» **Work required**
Look in the material below for the line with "Trước đó, chia" and the line with "2022年1-11月,国产汽", then set down exactly those two lines and all lines between, nothing more.

» **Data shown**
- Opening Delimiter -

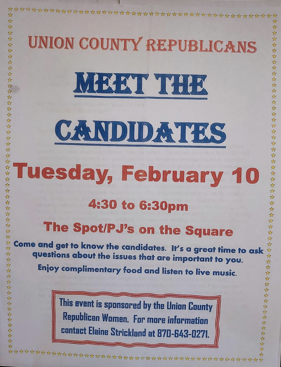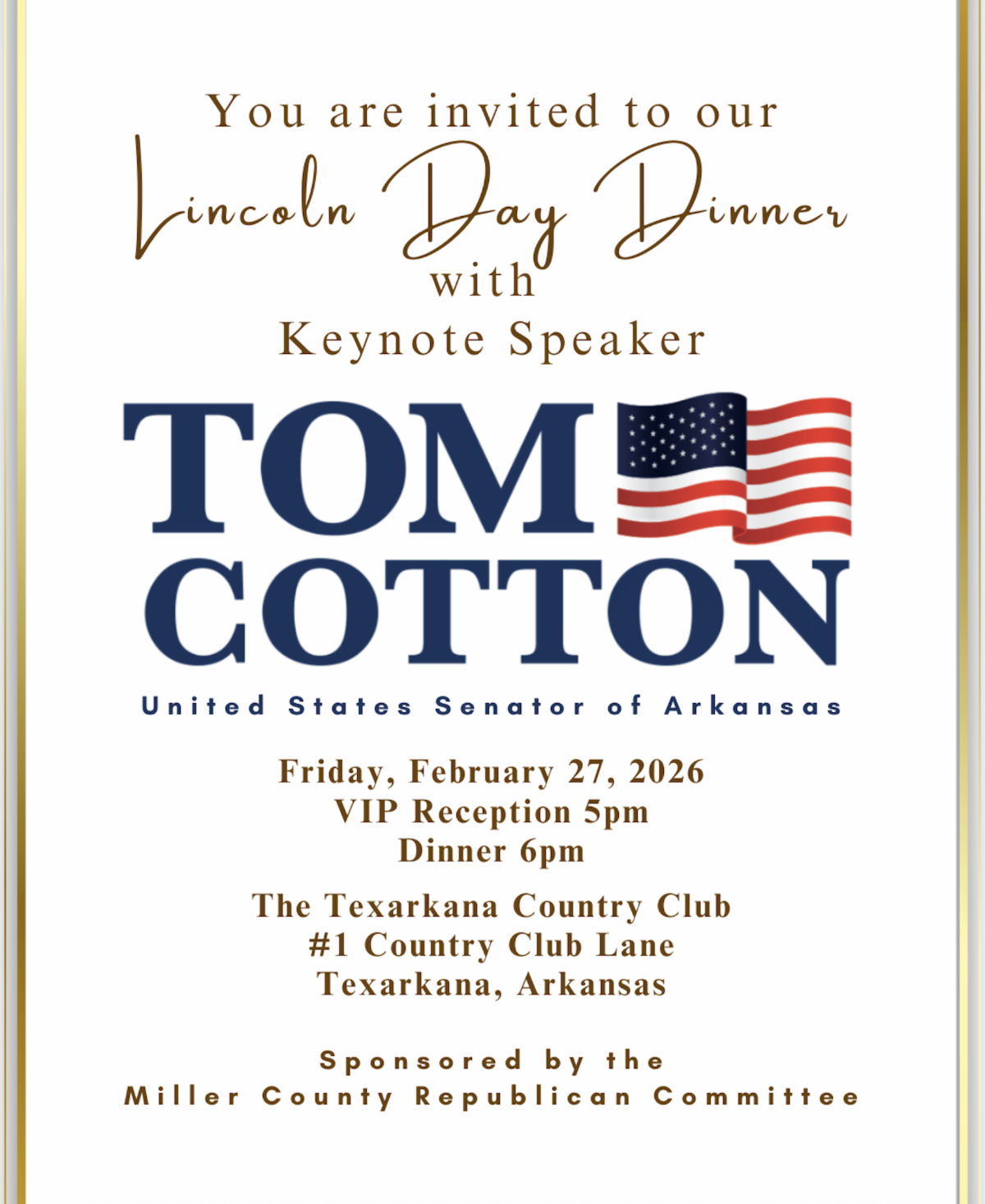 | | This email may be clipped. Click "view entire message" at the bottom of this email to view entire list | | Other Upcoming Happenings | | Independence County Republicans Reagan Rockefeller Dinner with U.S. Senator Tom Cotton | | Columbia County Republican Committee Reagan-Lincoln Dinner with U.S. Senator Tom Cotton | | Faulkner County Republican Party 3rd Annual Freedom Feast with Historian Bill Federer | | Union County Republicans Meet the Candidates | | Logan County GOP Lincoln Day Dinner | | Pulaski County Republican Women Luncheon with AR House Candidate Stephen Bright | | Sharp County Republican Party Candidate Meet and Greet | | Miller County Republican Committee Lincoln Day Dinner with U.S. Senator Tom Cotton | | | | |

- Closing Delimiter -
- Opening Delimiter -

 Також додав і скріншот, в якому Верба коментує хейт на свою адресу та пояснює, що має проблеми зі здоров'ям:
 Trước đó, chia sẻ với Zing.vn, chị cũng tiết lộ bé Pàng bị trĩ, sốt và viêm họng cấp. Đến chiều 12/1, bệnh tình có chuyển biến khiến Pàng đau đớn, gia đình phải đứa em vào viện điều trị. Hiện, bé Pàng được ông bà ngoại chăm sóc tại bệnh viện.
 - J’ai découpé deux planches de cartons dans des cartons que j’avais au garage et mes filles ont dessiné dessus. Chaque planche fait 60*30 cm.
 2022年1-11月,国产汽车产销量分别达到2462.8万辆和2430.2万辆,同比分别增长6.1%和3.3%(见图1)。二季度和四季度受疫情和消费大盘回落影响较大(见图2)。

- Closing Delimiter -

» **Reply to the task**
 Trước đó, chia sẻ với Zing.vn, chị cũng tiết lộ bé Pàng bị trĩ, sốt và viêm họng cấp. Đến chiều 12/1, bệnh tình có chuyển biến khiến Pàng đau đớn, gia đình phải đứa em vào viện điều trị. Hiện, bé Pàng được ông bà ngoại chăm sóc tại bệnh viện.
 - J’ai découpé deux planches de cartons dans des cartons que j’avais au garage et mes filles ont dessiné dessus. Chaque planche fait 60*30 cm.
 2022年1-11月,国产汽车产销量分别达到2462.8万辆和2430.2万辆,同比分别增长6.1%和3.3%(见图1)。二季度和四季度受疫情和消费大盘回落影响较大(见图2)。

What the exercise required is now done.